Starting with the line that has "Решака - онлайн" and finishing with the line that has "Bursa'nın İznik ilçesinde", set down each line below exactly. Pictures are not copied.

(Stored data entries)
══════════

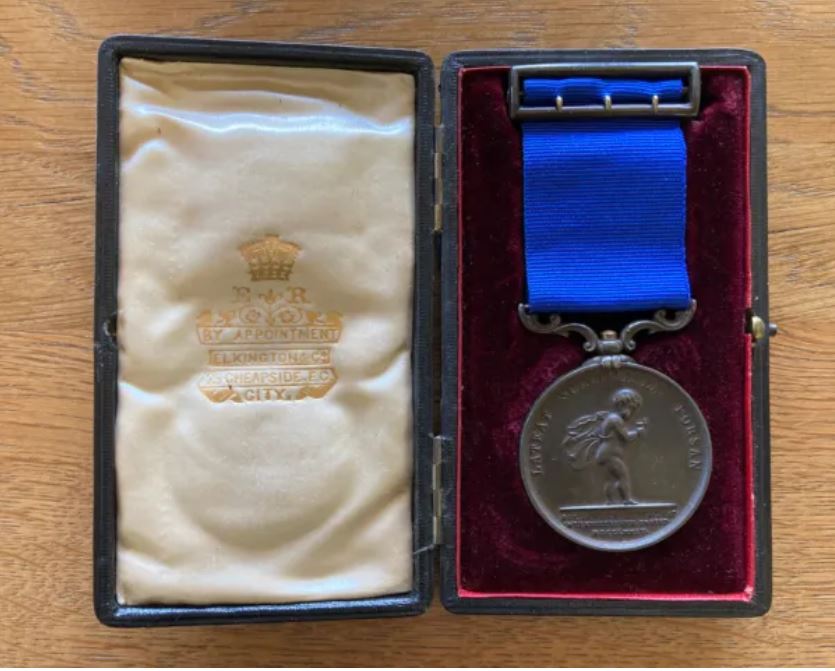 The Royal Humane Society Medal was established in 1774. The Medal was initially awarded to personnel in recognition of lifesaving acts or attempts to save a life from drowning. The award of the Medal was later expanded to reward all acts of exceptional bravery in rescuing or attempting to rescue persons from mines, wells, blasting furnaces, or in sewers. The medal features a Latin inscription on the reverse which translates to “He Has Obtained this Reward for Saving the Life of a Citizen.”
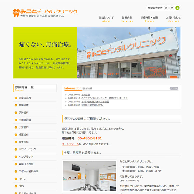 Website大阪市東淀川区井高野の歯医者さんみことデンタルクリニック HP・デザイン・CMS制作
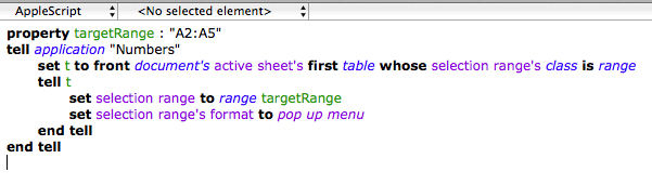 A2 to A5 selected. In AppleScript Editor I pasted the script and clicked on the hammer to compile.
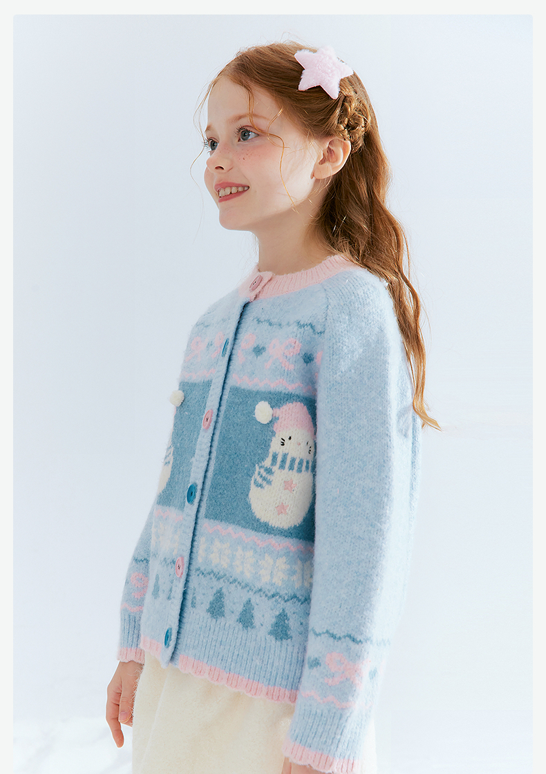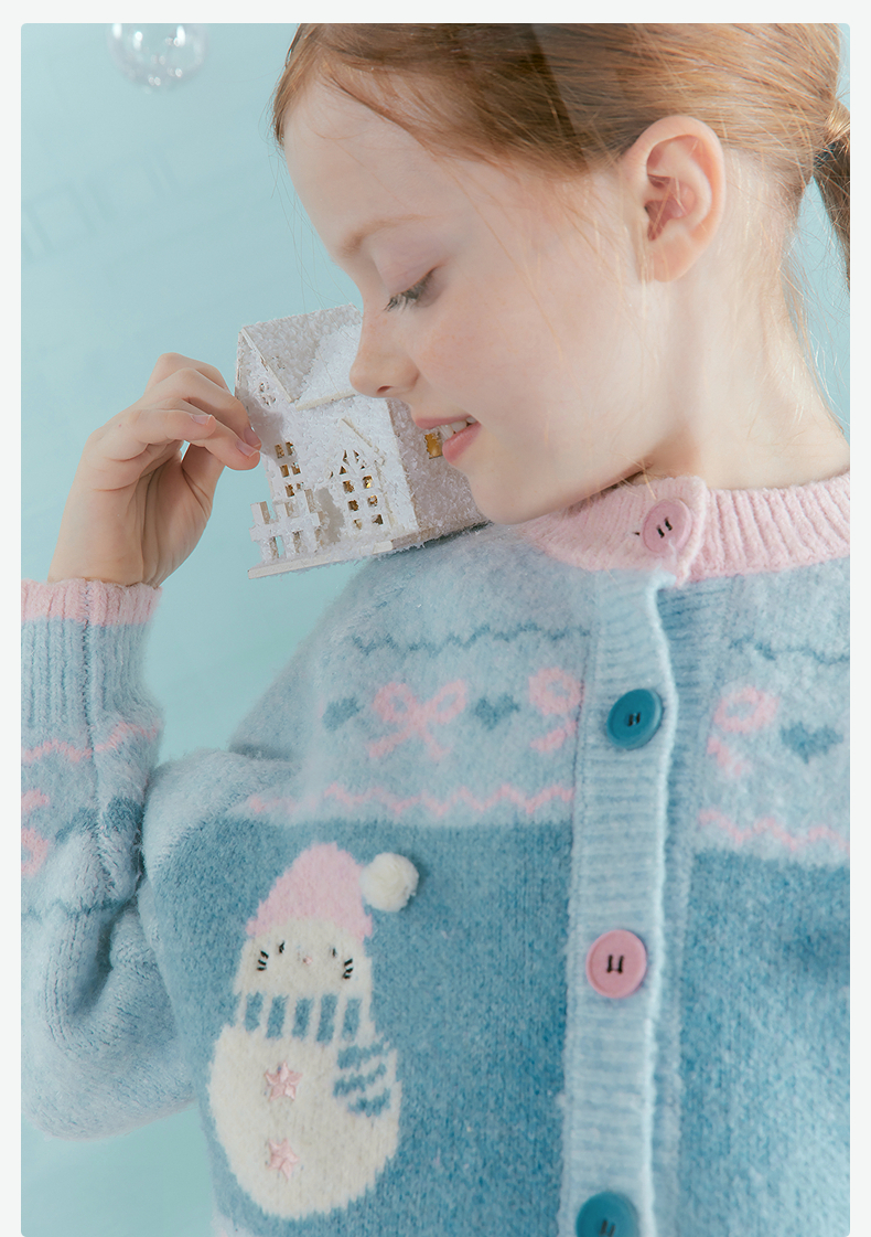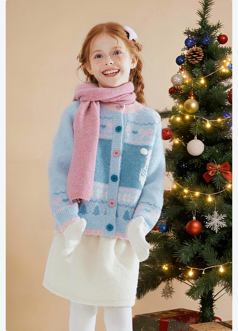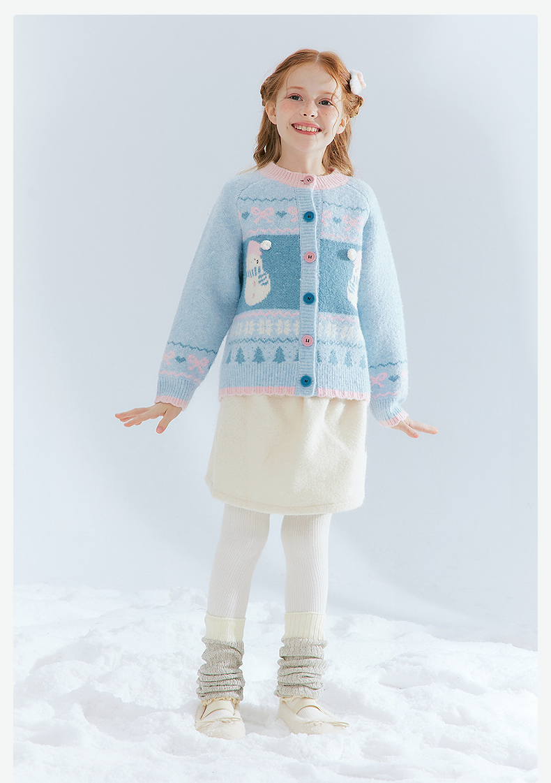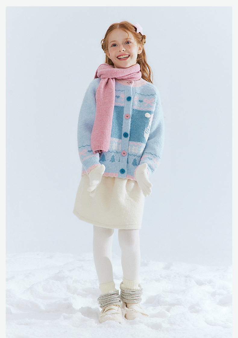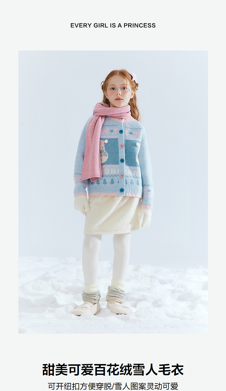 笛莎Deesha 童装女童厚款针织开衫2025年冬季新款大童女孩儿童时尚毛衣
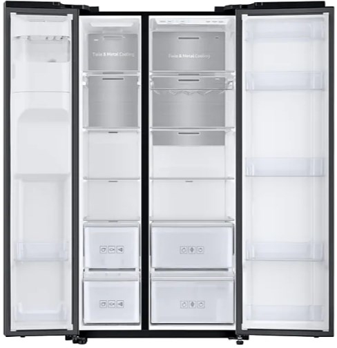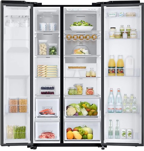Samsung RS68N8241B1. Tipo de instalación: Independiente, Color del producto: Negro, Diseño de producto: Puerta americana. Capacidad neta total: 617 L, Clase climática: SN-T, Nivel de ruido: 39 dB. Frigorífico, capacidad neta: 407 L, Frigorífico, capacidad bruta: 427 L. Congelador, capacidad neta: 210 L, Posición congelada: Lateral, Capacidad de congelación: 12 kg/24h. Consumo de energía anual: 389 kWh
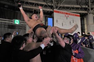 決勝の相手は昨年のアマ横綱花田秀虎(日体大2)で、昨年の同大会団体戦以来の顔合わせとなった。立ち合いで鋭く踏み込んだ川副は、花田の懐に入りもろ差しになると一気に前に出て寄り倒し、仲間が見守る東の花道に向かってガッツポーズを見せた。
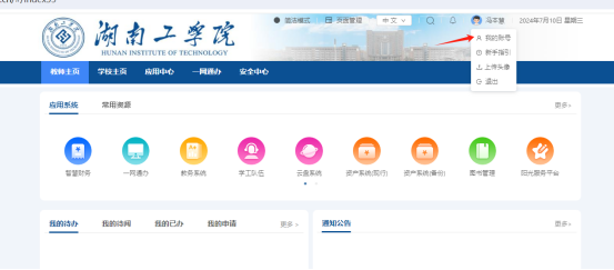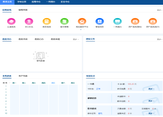 登录成功后进入个人门户首页,可访问一网通办、智慧财务、教务系统、资产系统、学工系统、云盘系统、个人邮箱等各业务系统,查看个人课表、个人资产等相关信息,如下图所示。
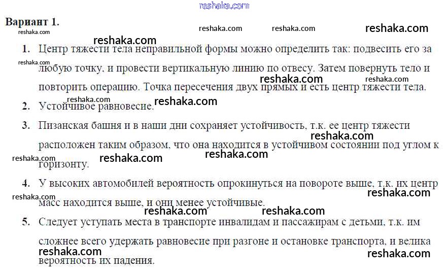 Решака - онлайн ответы Физика Громцева за 7 класс Контрольные и самостоятельные работы ФГОС 2020 - Вар. 1
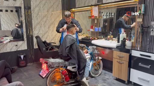 Bursa'nın İznik ilçesinde mesleği ile hobisini bir araya getiren Çakır’ın kendi iş yerinde sergilediği motosiklet görünümlü berber koltuğu, dükkâna gelen müşterilerin ilgisini üzerine topluyor.
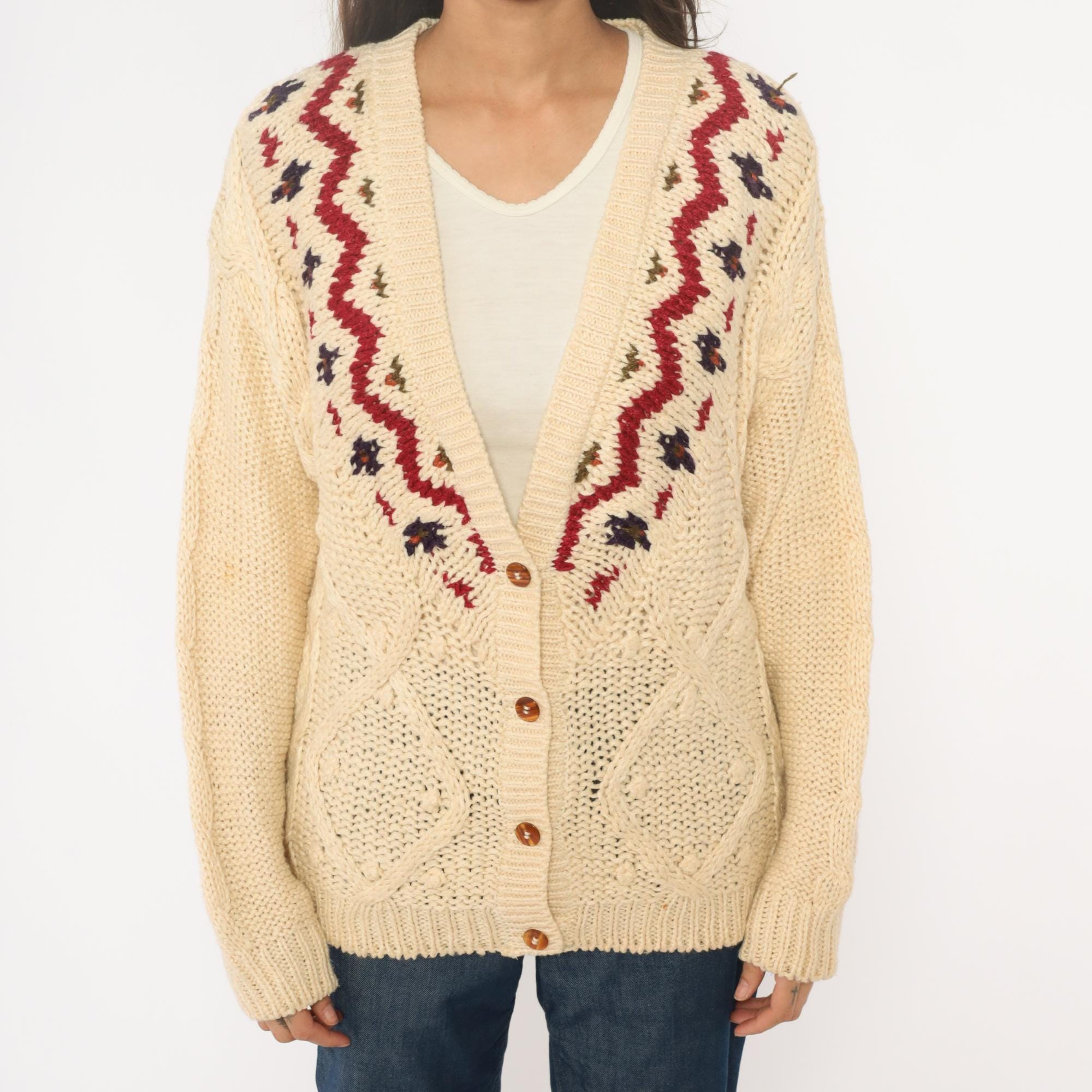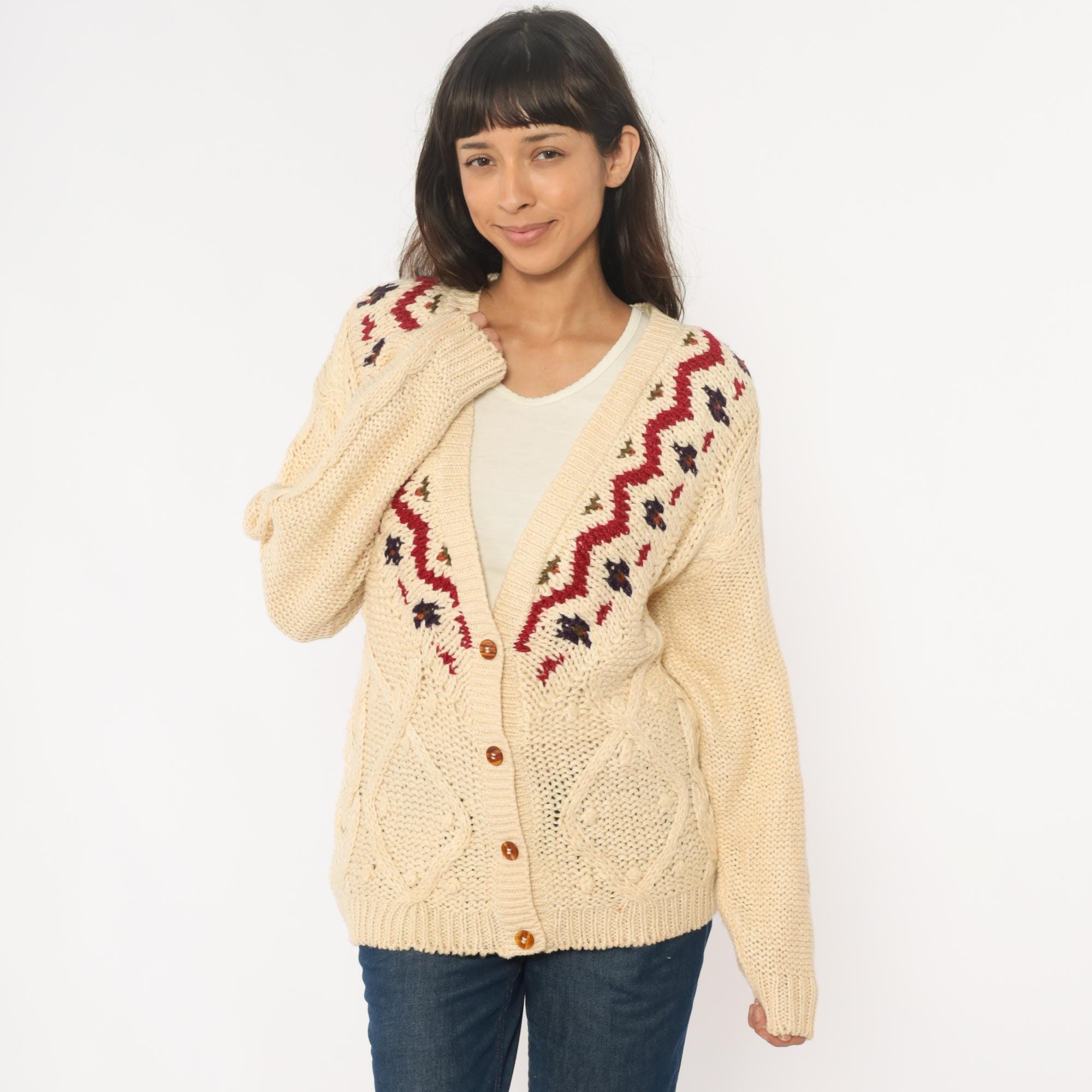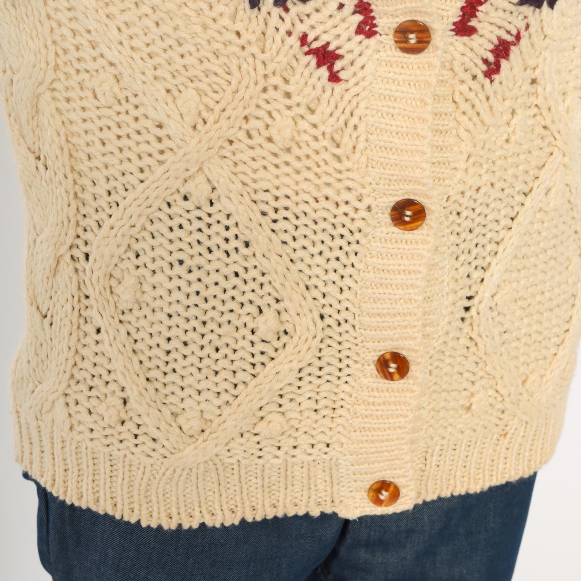 90s cream cardigan with Fair Isle zigzag pattern in red, navy, and brown across the neckline and shoulders. Button front closure with brown buttons, cable knit panels on bodice, long sleeves with ribbed cuffs and hem.

══════════

(RESULT OF THE TASK)
 Решака - онлайн ответы Физика Громцева за 7 класс Контрольные и самостоятельные работы ФГОС 2020 - Вар. 1
 Bursa'nın İznik ilçesinde mesleği ile hobisini bir araya getiren Çakır’ın kendi iş yerinde sergilediği motosiklet görünümlü berber koltuğu, dükkâna gelen müşterilerin ilgisini üzerine topluyor.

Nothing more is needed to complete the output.